[Enterprise Extensions only]

Writing your own strategies

The process of triggering a rule or set of rules is controlled by a set of strategy objects. Four strategies are used each time a rule is triggered:

  1. Finding strategy: The finding strategy accesses the persistent datastore to find the set of rules matching the search criteria passed on the trigger call. The search criteria are based on the rule ID information passed on the trigger call. The set of rules found is passed to the filtering strategy.

  2. Filtering strategy: The filtering strategy can change the set of rules that were found by the finding strategy. The set of rules returned is the set that will actually be fired by the firing strategy.

  3. Firing strategy: The firing strategy fires the rules found by the finding strategy, possibly modified by the filtering strategy. It gathers up the results of the individual rules and these results are passed to the combining strategy.

  4. Combining strategy: The combining strategy takes the results from firing the rules and combines them in some fashion to produce the final result of the trigger.

TriggerPoint object has its own set of strategies that can be changed independent of any other TriggerPoint object. There is a set of default strategies that are used by the TriggerPoint if none are explicitly set.

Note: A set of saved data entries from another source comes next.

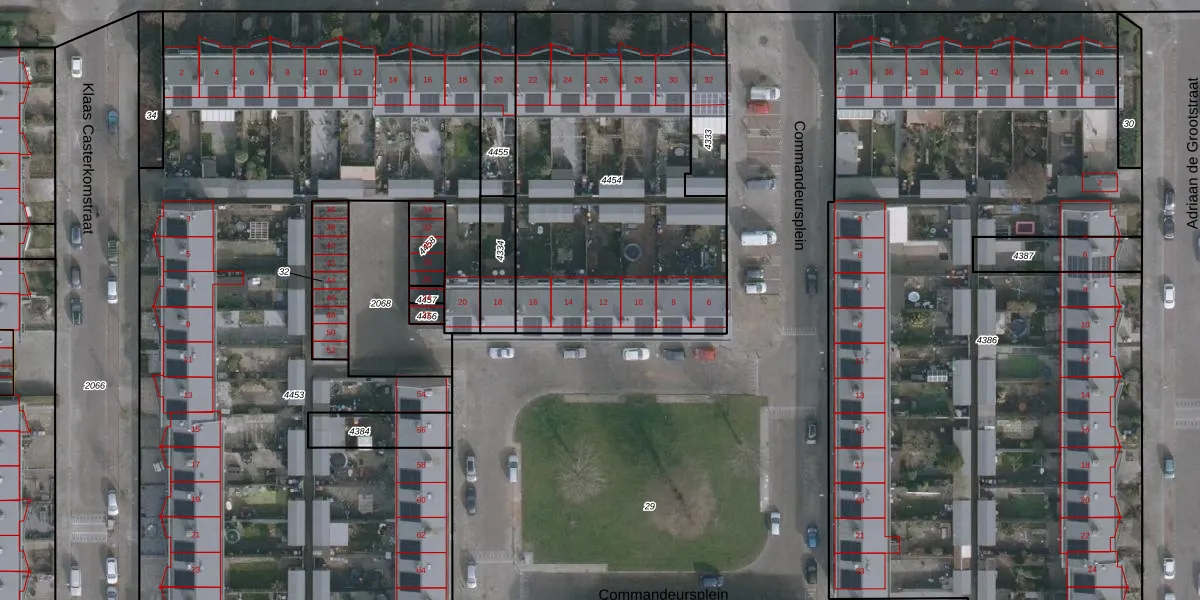 Het perceel waarop Commandeursplein 12 staat heeft een oppervlakte van 1700 m². Dit is een zeer groot perceel. De perceeloppervlakte wordt geregistreerd door het Kadaster. Gedetailleerde informatie over de maten van dit perceel kunt u vinden in het rapport Kadastrale kaart met maatvoering van Commandeursplein 12.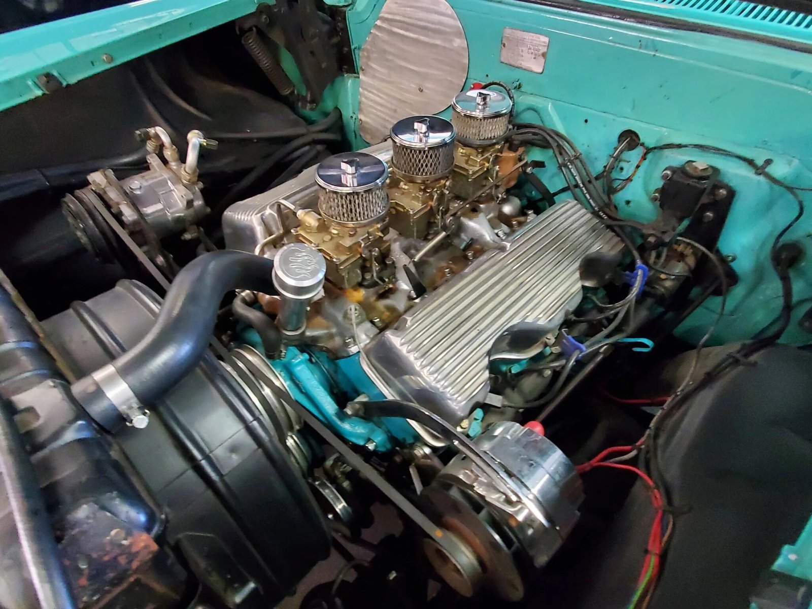 The 348ci Turbo Thrust V8 was sourced from a 1959 Chevrolet and is equipped with a Tri-Power intake manifold and three two-barrel carburetors.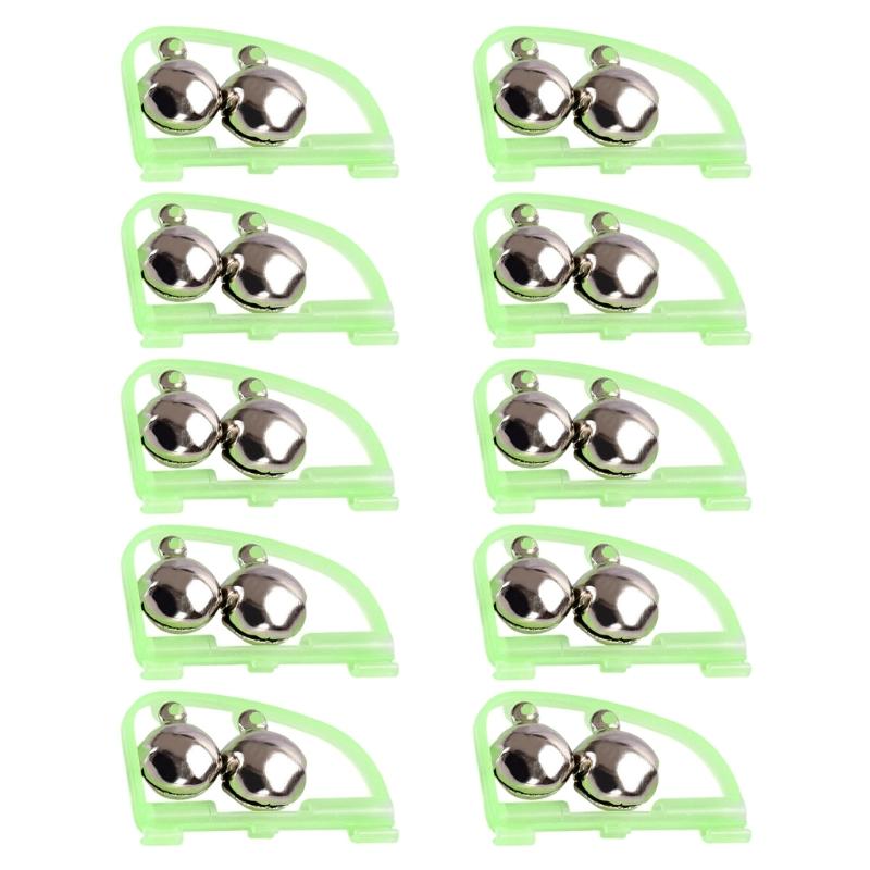 10pcs Glow Night Indicator Double Bells Alarm Fishing Gear Equipment for Lake River Arched Fishing Bells Rod Alarm

For each of the four strategies you are allowed to set different strategies for classifier rules and for non-classifier rules. The strategies set for classifier rules are to be used when the BRBeans framework is triggering a classifier rule. The strategies for non-classifier rules are used in all other cases.

It is also possible to set three different sets of filtering strategies:

  1. one to be used if no rules are found
  2. one to be used if exactly one rule is found
  3. one to be used if more than one rule is found
This capability can be used to set up filtering strategies that will throw exceptions if the expected number of rules is not found.

Strategy classes must implement one of the strategy interfaces provided by BRBeans in the com.ibm.websphere.brb package:

  1. FindingStrategy
  2. FilteringStrategy
  3. FiringStrategy
  4. CombiningStrategy

The user is also allowed to write his or her own strategy implementations to perform special functions not performed by the predefined implementations. This should be done with care since part of the functionality of the BRBeans framework is actually being replaced when you write a custom strategy. One simple example of writing a custom strategy is creating a new firing strategy that logs every rule that is fired.

The basic requirement for a strategy implementation is that it implements the appropriate strategy interface.

The filtering and combining strategies are particularly simple. For these, a class should be created that implements either FilteringStrategy or CombiningStrategy and implements either the filterRules method (for FilteringStrategy) or the combineResults method (for CombiningStrategy) to perform the required functions. At runtime, an instance of the new class should be created and passed to the TriggerPoint object using the appropriate set method so that the new strategy is used when rules are triggered using that TriggerPoint.

The finding and firing strategies are somewhat more complicated to customize since they provide more function than the simple filtering and combining strategies. Default finding and firing strategy implementations are provided that define a general outline of the steps necessary to perform the function. We recommend subclassing these when customizing your own strategies, and then overriding the desired methods on the default implementation to provide the new behavior.

Refer to either the BRBeans Javadoc or the source code for the default implementations in com.ibm.websphere.brb.strategyfor more details.